Types of scams on the internet

Internet fraud – Ponzi scheme

A Ponzi scheme is a fraudulent system in which criminals pay out money to customers not through real income, but by recruiting more and more new players into the Ponzi scheme. 

The system works as long as the inflow of new customers continues. All pyramid schemes in the cryptocurrency world are now called Ponzi schemes. The system is based on the promises of great and fast profits from the investments of its members. The pyramid scheme's founders do not actually do any work At best, they pay out money to a few depositors, and only by recruiting new participants. A fraudulent enterprise is successful as long as it can maintain a semblance of stability. When customers stop investing, the scammers take the money invested in the platform and register the next new project. The old business closes and it becomes virtually impossible to get the money back. As a result the system organisers take all the money, the pyramid collapses and people are left with nothing. 

The pyramid scheme companies may be perfectly legal, licensed and paying their clients fairly. But in most cases pyramid schemesare used by crooks for illicit enrichment. Their aim is to raise the maximum amount of money and then close the business. Websites often publish information that is misleading, but this can be easily cross-checked. For example, if a scammer claims that a company has been around for 10 years but there are no reviews on the internet, this is not true. It means thatthe company is new. And if the company provides misleading information, it means they are scammers. 

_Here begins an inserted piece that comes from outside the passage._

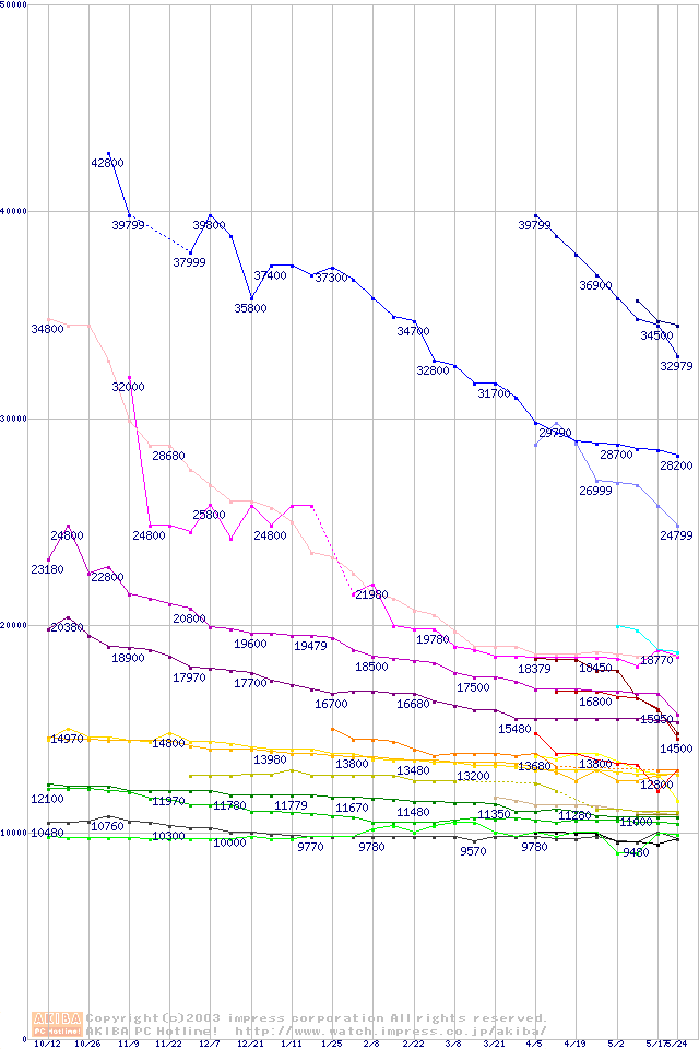 2.5インチHDD主要製品の最安値推移

The Ponzi scheme first emerged in the 1920s thanks to Charles Ponzi, who created a company that conducted legitimate arbitration deals.  Over time, however, he began to use the money he received from new clients to pay off his previous financial obligations. After the fraud was uncovered, the case madeheadlines in the United States. The press gave this method of fraud the name "Ponzi scheme". The principles of a Ponzi scheme: 

  • Fraudsters register a trading platform and convince their first clients to invest in the company. 

  • They then seek out the next potential investors and induce them to invest, promising extremely high returns. With the funds collected, they pay out profits to those clientswho invested earlier. - Once again, the organisers convince investors that it is worth reinvesting the profits. Many agree, believing that the company is legitimate because it pays out the promised profits. 

  • Once the inflow of new investment dries up, the scammers have nothing left to pay.  As a result, companies using Ponzi schemes disappear. Fraudulent Ponzi schemes have several features: 

  • They promise an unreasonably high return on capital. They often talk about hundreds of cents a year. Their main aim is to cause a stir and a desire to get a lot of money the easy way. 

  • Doesn't disclose information about returns. Traders cannot see managers' portfolios and have no access to information about the assets in which the manager invests. 

  • Makes cold calls. A pyramidscheme is characterised by the use of aggressive marketing. Scammers search open sources for the right contacts and call them with investment offers. Calls and social media can be very persistent. 

  • Apply pressure to convince these people not to withdraw their money. To maintain their image as an "honest company", they pay out money to clients over a period of time. But withdrawal is a problem for most clients. So they reassure traders of the need to reinvest the money. They usually don't have a license because they don't want to spend the time and money to get one. They use offshore licences, compliance certificates from private companies or work without any permits. They obtain offshore licenses, compliance certificates from private companies oroperate without any permits.